Moats and Competitive Advantage
Munger and Buffett consider one of the major characteristics of a good business to be an enduring competitive advantage—what they call a “moat.” Like a moat protecting a castle, the competitive advantage allows a business to resist being made obsolete by competitors or changing markets.
To highlight the frenzy of competition, Munger points out that of the 50 most actively traded stocks in 1911, only one company—General Electric—survived as an independent, meaningful company. The forces of new technology, fierce new competitors, and shifting management are formidable and can drive companies out of business.
Berkshire Hathaway thus counsels its companies to widen their moats every year. This doesn’t necessarily mean earning more profits each year, but rather growing a company’s strategic position to weather the long term.
Under certain conditions, businesses with large moats can increase prices dramatically without cutting volume, and thus increase earnings dramatically. This happened with Disney in the 20th century. For decades Disneyland priced its tickets very affordably. Then the managers realized it was underpriced—it was a unique experience unlike any on Earth; people don’t consume it that frequently, so they’re not as worried about racking up high costs. So Disneyland raised its prices, and attendance maintained steady levels, leading to sudden profits.
(Shortform note: The recognition of competitive advantage as one of the major characteristics of a good business was formalized by Harvard Business School professor Michael Porter. For more details, read our guide to Understanding Michael Porter.)
Good Incentive Systems
Having a well-designed and fair incentives system is another of the key characteristics of a good business. The incentives in business operations make a big difference in how people behave.
People are prone to getting whatever they can out of a situation. With poorly-designed incentives, people will behave in ways that run counter to your intentions. People get used to sloppy conditions quickly, so it’s important to stop them quickly when you recognize the problem.
Munger cites a friend with a manufacturing business that suffered from extensive fraud in workers’ compensation, which raised the cost of premiums to unsustainable levels. He asked the unions to ask the staff to stop, but they resisted—by then, everyone was doing it and benefiting from it, and it was seen as free money. The friend closed down the plant and moved to Utah, where the Mormon population seemed to be much more honest, and the workers’ compensation costs dropped precipitously.
At times, the right incentive scheme can seem unfair. Munger shares a rule in the Navy—if you’re in charge of a ship and you run it aground, your naval career is basically over. It doesn’t matter what the reason was.
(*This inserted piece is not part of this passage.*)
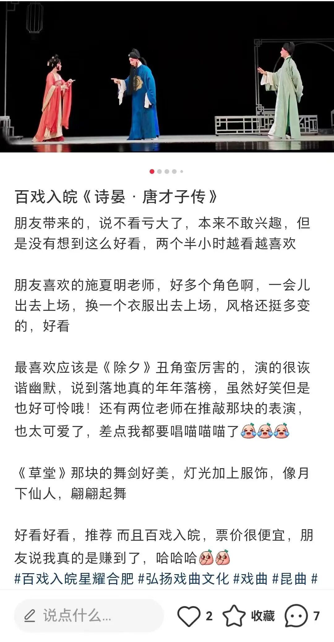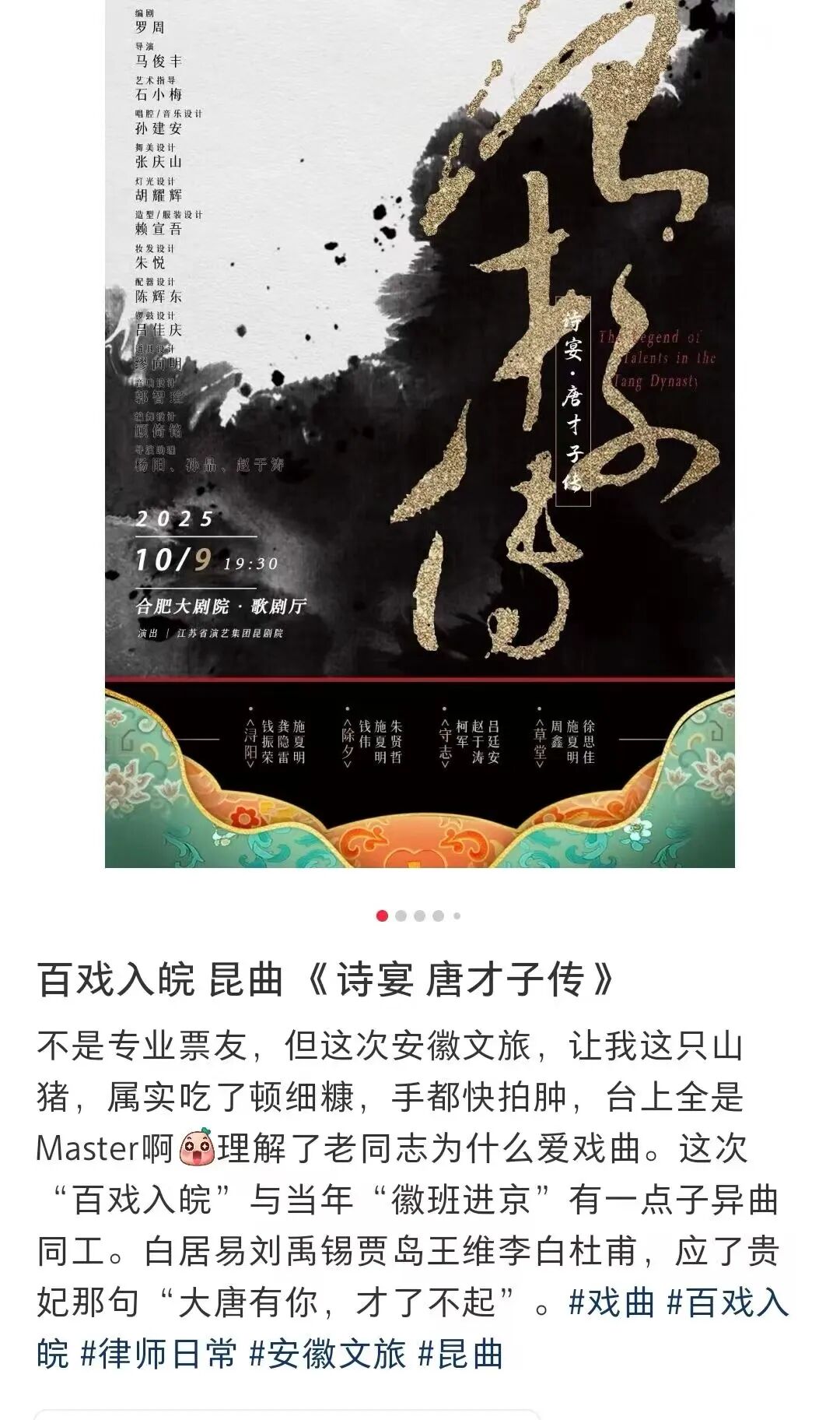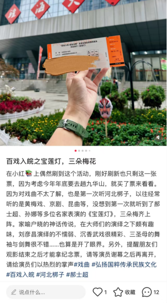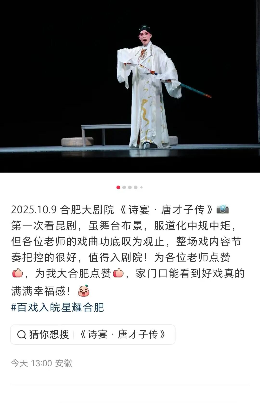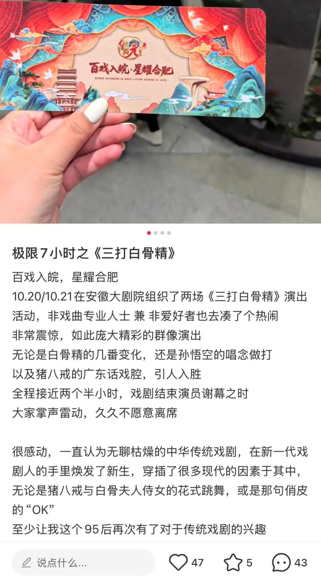 “原来不是戏曲不好听,是我从来没给过它机会!”在社交媒体上,“百戏入皖”成了热门话题。无数看戏的年轻人晒出戏票,分享着他们与戏曲“第一次亲密接触”后的震撼感受。

This isn’t fair because it punishes officers whose ships run aground through no fault of their own, but the benefits outweigh these costs—officers are more careful than they otherwise would be if the rule weren’t this way. Munger feels the same way about compensation for stress in workers’ comp—while there are legitimate stress injuries, the current system invites so much abuse that society would be better off if compensation for stress were removed.
Trademarks and Branding
The value of trademarks and branding to society is that it gives a strong incentive to preserve the reputation of the brand. Trust in a brand can be lost instantaneously after a scandal or a massive product recall. Therefore, brand owners are likely to invest in product quality, which then means consumers can trust that when they buy a brand name, they’re likely to get quality.
Munger tells an example of how the Carnation food company was attempting to buy the trademark of unrelated company Carnation Fish. The owner of the trademark refused to sell, and ultimately the larger Carnation company capitulated and gave a surprising offer—they would donate time from their food inspectors to make sure Carnation Fish had spotless operations. The value of protecting the Carnation name was so important that the company was willing to invest in similarly named companies it didn’t even own.